With a new urgency in the wake of falling oil prices, Gabon is in the midst of a significant overhaul of its transport infrastructure, rolling out a series of new projects to accelerate diversification efforts. Several of the investments – which include a new port and road upgrades – are scheduled for completion by the end of 2016. When finished, they should help reduce the country’s high transport and handling costs in targeted sectors, including mining and agriculture.
At the heart of Gabon’s transport infrastructure drive is the multi-modal rail-sea port being developed at Owendo, 15 km south of the capital Libreville, at an estimated cost of CFA133.6bn (€200.4m). Scheduled to be operational by early 2017, the Gabon Special Economic Zone (SEZ) Mineral Port will extend over a 45-ha site and house three terminals – one for minerals, with a 10m-tonne capacity per annum; a second facility for fish; and a third for aggregate.

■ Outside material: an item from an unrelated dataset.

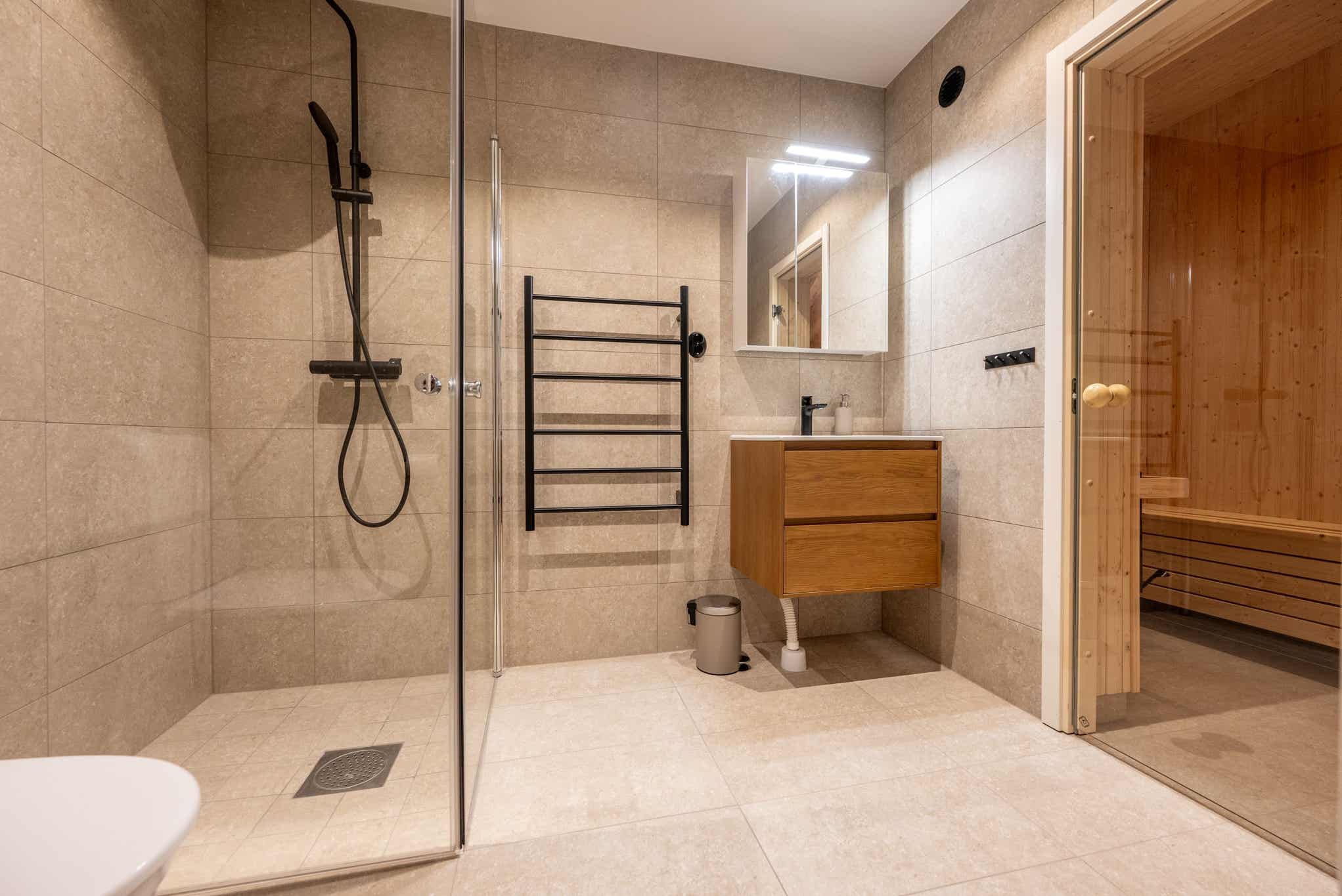 Badkamers:Badkamer 1: met douche/WC/sauna. Badkamer 2: met douche/WC.

It will also include a naval shipyard.
The Owendo complex dovetails with Gabon’s plans to boost the mining sector’s contribution to GDP from 6% to 25% over the next 15-20 years. Currently, the industry is served by just one facility, also located in Owendo: the manganese-exporting port owned by the Compagnie des Mines de l’Ogooué (Comilog). Expanded capacity in Owendo should help improve turnaround times. The Comilog port, for example, saw 130,000 twenty-foot equivalent units (TEUs) of container traffic in 2013, in excess of the port’s handling capacity of 120,000 TEUs.
In addition to connecting with the 648-km Trans-gabonais rail line, which already links Owendo with Franceville in the south-east, Gabon is exploring the development of two additional railways – one linking the Port of Owendo to the export-oriented Nkok SEZ, also near Libreville, and the other connecting the port to the Bélinga iron ore mine in the north-east.
Commodity exports will also benefit from a four-lane highway project currently under way that will link Libreville to the northbound national highway. Scheduled to be completed by the end of 2016, the new highway aims to reduce traffic in the capital and create a more direct point of access to the Nkok SEZ.
The highway forms part of Gabon’s broader national road development plan, which, according to Jean-Pierre Oyiba, minister of infrastructure, public works and regional planning, represents 10-15% of GDP, accounts for around 30-40% of public investment and employs some 15,500 Gabonese nationals.
Other road projects include the 93-km Port-Gentil-Omboué motorway, scheduled for completion in 2017. The CFA102bn (€153m) project aims to improve connectivity with the second city of Port-Gentil – which, in addition to being the epicentre of the hydrocarbons sector, is also being targeted for development of an SEZ, a new port and a fertiliser plant.
Gabon, together with some of its neighbours, is also looking to regional infrastructure investment to reinvigorate growth. Weak transport infrastructure has been identified as a primary hurdle to boosting regional trade and economic growth, with just two of the six capital cities in the CEMAC zone currently connected by highways. At present, intra-regional trade among CEMAC states is minimal and lags behind other economic blocs on the continent. In the East African Community, for example, trade among member states is well above one-third of total trade value, compared to 1.2% in CEMAC, as per data from the United Bank for Africa.
The issue ranked high on the agenda of talks held in Cameroon at the beginning of 2016 between CEMAC ministers of finance and Christine Lagarde, managing director of the IMF. Lagarde had positive words for the countries’ collaborative efforts, while pledging the IMF’s continued support. “Reducing barriers to regional trade and implementing regional infrastructure projects could help to address competitiveness challenges facing the CEMAC countries,” she said.